Up to a High Place

LUKE 4:1–5

Jesus, full of the Holy Spirit, left the Jordan and was led by the Spirit into the wilderness, where for forty days he was tempted by the devil. He ate nothing during those days, and at the end of them he was hungry.

The devil said to him, “If you are the Son of God, tell this stone to become bread.”

Jesus answered, “It is written: ‘Man shall not live on bread alone.’”

The devil led him up to a high place and showed him in an instant all the kingdoms of the world.


Could the high place of glory in your heart and mine become the low place of humble service that it was for Jesus?

It is a common notion that we see the world not as it is, but as we are. In other words, none of us sees the world objectively; we have perspectives and sight based on our brain and heart, and we look for certain things in order to see them.

What the devil saw as a high place for Jesus, and what celebrities and politicians see as a high place for themselves, was a low place for Jesus. Jesus was seeing the high place not as it was, but as he was.

For Jesus, the high place in his heart had just taken place in his baptism. He was seen by his Father, and he saw his Father and the Spirit at the same time. Jesus’s experience of love in those waters, I will contend, was the high point of his life. To know we are seen by God, to have our identity and purpose spoken clearly by God, to be overwhelmed by God’s great affection for us—that is the high place in Jesus’s heart.

But the best the devil had to offer was from a vantage point for self-serving power, acclaim, and privilege. He wanted to give Jesus the power to do whatever he wanted, with whomever he wanted, wherever he wanted.

He was chipping away at Jesus’s wants—his desires—and was finding Jesus’s desires utterly foreign to the ones that haunted other human beings.

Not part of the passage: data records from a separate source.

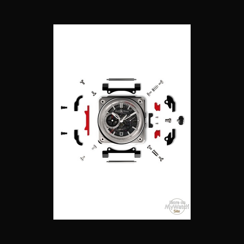 | More characteristics : | Bell & Ross special movement Automatic mechanical Skeleton chronograph Functions : Hours. minutes et small secondes. Skeleton date at 6 o'oclock Chronograph with 60 seconde and 30 minute timers Case Titanium and ceramic with rubber inserts Toggle push-buttons Back with opening in tinted sapphire crystal. centred on the balance Dial Grey-tinted mineral glass Metal skeleton Superluminova filled hours and minutes hands. Applique metal indices with superluminova inserts Straps Woven black rubber Steel pin buckle with rubber insert |
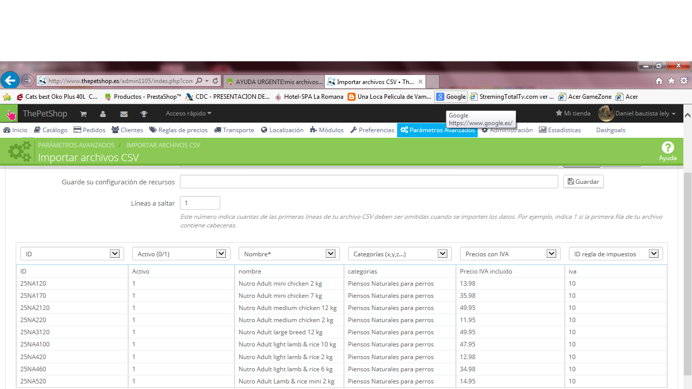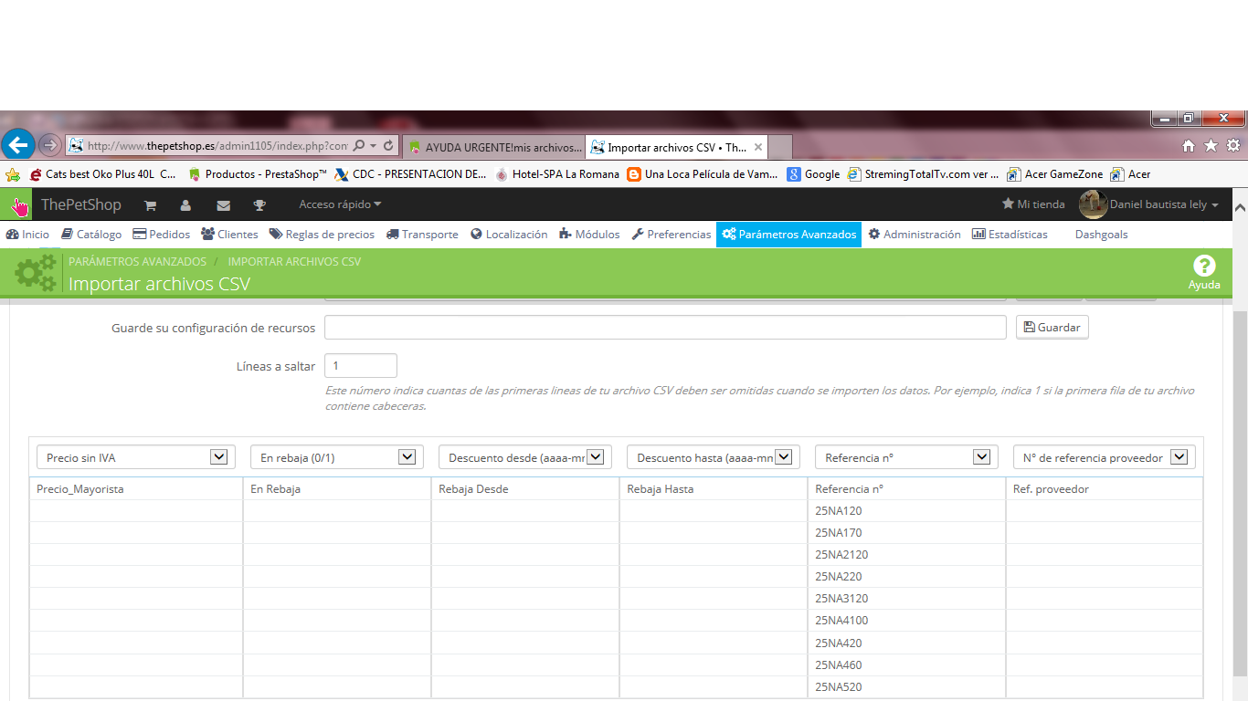 ThePetShop Posted April 24, 2014 Author Share Posted April 24, 2014 Hola, ¿Puedes subir un ejemplo del fichero que estás intentando importar? lo siento pero no me deja, me dice que no tengo permiso para subir ese tipo de archivos, ni xls ni csv Link to comment Share on other sites More sharing options...
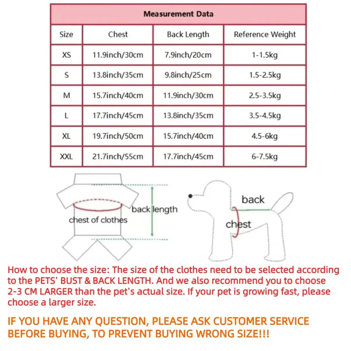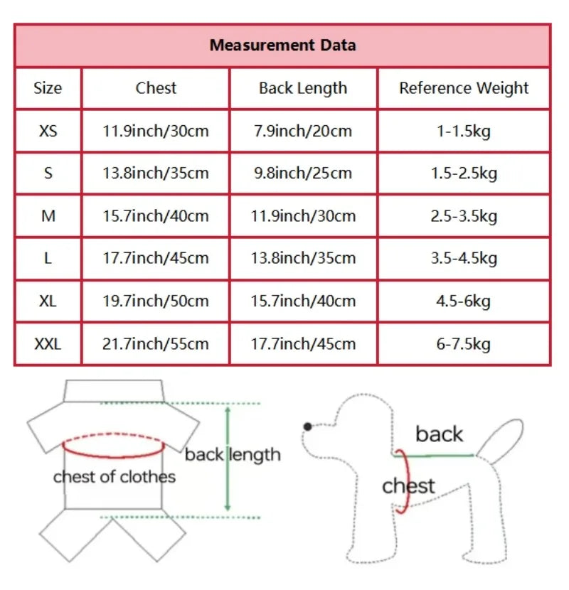 Size | Back Length | Chest Girth | Suitable Breeds |

Could the highest place in your heart and mine become the low place of humble service that it was for Jesus—a low place of humble fellowship with God, humble communion with others on the same journey into Christ, humble worship oriented around seeing the world served, the poor fed, the captives set free, and the human heart loved back to life?

Glancing ahead, in Luke 4, Jesus will leave the wild in the power of the Spirit, enter a synagogue, and begin to proclaim the high places of the kingdom of God—places where “the year of the Lord’s favor” (v. 19) does not mean acclaim or big houses, but rather the transformation of the human heart by Christians offering selfless, cruciform love in Jesus’s name.

The devil’s high place was a low place to Jesus; Jesus’s high place was a low place to the devil. He couldn’t be convinced of what many hearts today are so easily convinced of—that power turned upon oneself, the accumulation of wealth, the honor offered by others, even the acclaim that comes from generosity and benevolence—is the highest place that one could attain.

Jesus blessed what was unseen. And he knew that changing a human heart was worth more than all the kingdoms of the world.

We can live from this perspective, that to “act justly and to love mercy and to walk humbly” (Micah 6:8) with our God is the highest place to which we could be led.

The devil simply took Jesus to the wrong place. He wasn’t tempted, because his heart wasn’t in it. In this, Jesus passed the test that Israel’s kings and power brokers, even the great King David, never could.


Lord of the Wild, our high place is fed by the vision of the good life, the high place, that is pumped our way by media of every sort. We choose to feed our vision of the good life, the high place, by choosing the low place and humbly serving in loving communion with you. In Jesus’s name, amen.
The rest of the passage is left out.